BEGIN Given data

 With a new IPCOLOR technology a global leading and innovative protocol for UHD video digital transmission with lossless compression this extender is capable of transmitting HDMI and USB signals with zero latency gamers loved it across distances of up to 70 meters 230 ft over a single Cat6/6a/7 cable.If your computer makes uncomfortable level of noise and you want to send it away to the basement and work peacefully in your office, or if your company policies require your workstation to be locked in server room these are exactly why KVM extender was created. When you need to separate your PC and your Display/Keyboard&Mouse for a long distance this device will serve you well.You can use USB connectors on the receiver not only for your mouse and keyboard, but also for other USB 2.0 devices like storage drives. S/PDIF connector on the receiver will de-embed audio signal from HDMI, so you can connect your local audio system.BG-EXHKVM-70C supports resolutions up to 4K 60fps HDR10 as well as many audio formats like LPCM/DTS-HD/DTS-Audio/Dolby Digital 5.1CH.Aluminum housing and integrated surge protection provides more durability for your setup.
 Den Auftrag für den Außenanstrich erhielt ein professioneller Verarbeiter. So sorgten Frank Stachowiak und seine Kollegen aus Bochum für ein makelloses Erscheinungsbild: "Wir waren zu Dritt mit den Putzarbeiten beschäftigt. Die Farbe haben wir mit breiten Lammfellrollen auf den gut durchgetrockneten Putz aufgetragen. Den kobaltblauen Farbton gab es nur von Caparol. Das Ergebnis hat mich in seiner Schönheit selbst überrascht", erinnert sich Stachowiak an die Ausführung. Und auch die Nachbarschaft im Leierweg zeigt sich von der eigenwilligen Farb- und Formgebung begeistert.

END Given data
BEGIN Given data

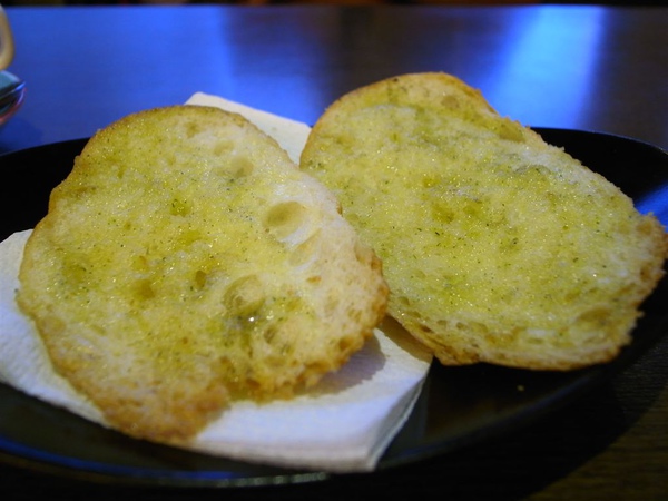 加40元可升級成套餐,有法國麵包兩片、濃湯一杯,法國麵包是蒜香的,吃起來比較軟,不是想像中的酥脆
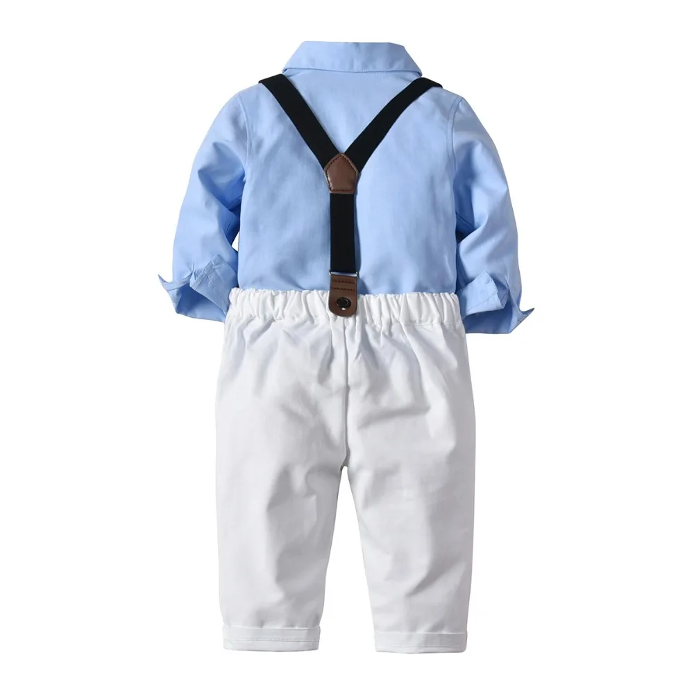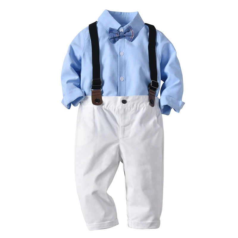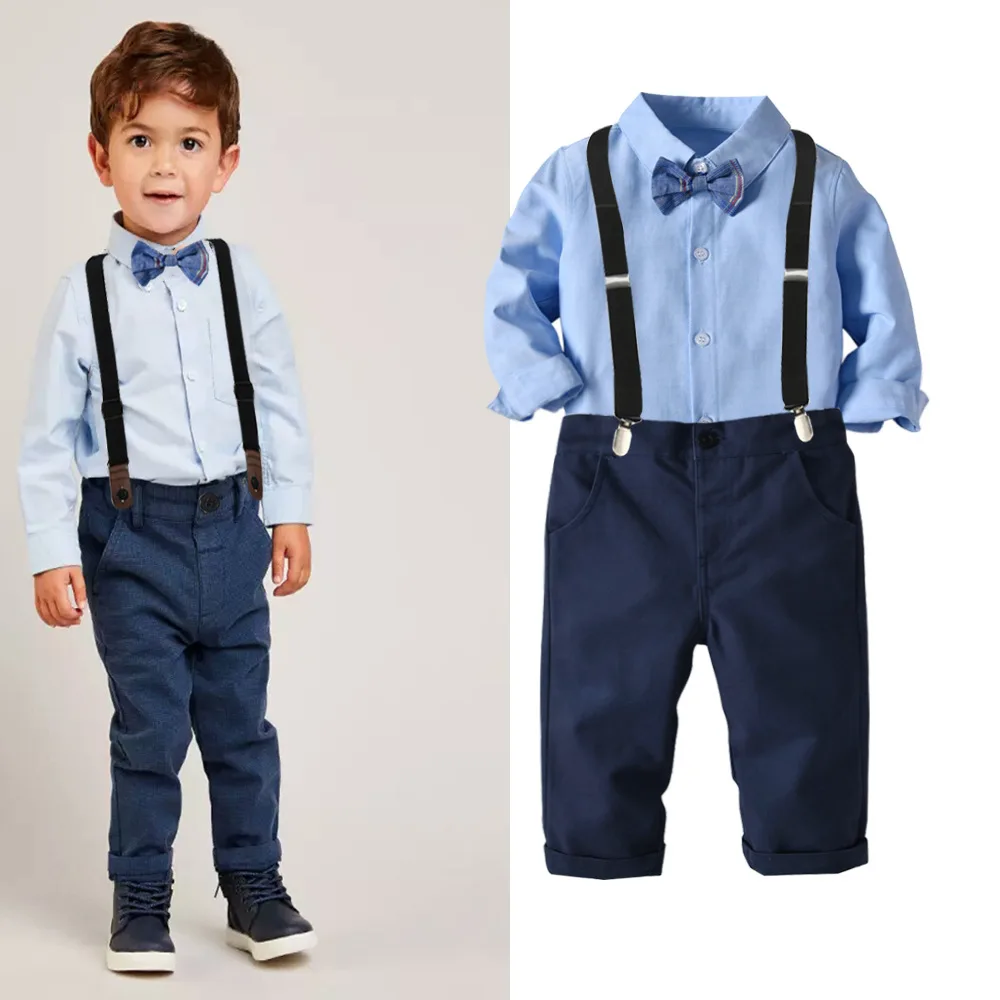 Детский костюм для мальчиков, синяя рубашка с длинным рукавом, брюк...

END Given data

» Your goal: Everything in the material above from the line that has "With a new IPCOLOR" through the line that has "Den Auftrag für" must be duplicated exactly, with no other lines given.

» Answer:
 With a new IPCOLOR technology a global leading and innovative protocol for UHD video digital transmission with lossless compression this extender is capable of transmitting HDMI and USB signals with zero latency gamers loved it across distances of up to 70 meters 230 ft over a single Cat6/6a/7 cable.If your computer makes uncomfortable level of noise and you want to send it away to the basement and work peacefully in your office, or if your company policies require your workstation to be locked in server room these are exactly why KVM extender was created. When you need to separate your PC and your Display/Keyboard&Mouse for a long distance this device will serve you well.You can use USB connectors on the receiver not only for your mouse and keyboard, but also for other USB 2.0 devices like storage drives. S/PDIF connector on the receiver will de-embed audio signal from HDMI, so you can connect your local audio system.BG-EXHKVM-70C supports resolutions up to 4K 60fps HDR10 as well as many audio formats like LPCM/DTS-HD/DTS-Audio/Dolby Digital 5.1CH.Aluminum housing and integrated surge protection provides more durability for your setup.
 Den Auftrag für den Außenanstrich erhielt ein professioneller Verarbeiter. So sorgten Frank Stachowiak und seine Kollegen aus Bochum für ein makelloses Erscheinungsbild: "Wir waren zu Dritt mit den Putzarbeiten beschäftigt. Die Farbe haben wir mit breiten Lammfellrollen auf den gut durchgetrockneten Putz aufgetragen. Den kobaltblauen Farbton gab es nur von Caparol. Das Ergebnis hat mich in seiner Schönheit selbst überrascht", erinnert sich Stachowiak an die Ausführung. Und auch die Nachbarschaft im Leierweg zeigt sich von der eigenwilligen Farb- und Formgebung begeistert.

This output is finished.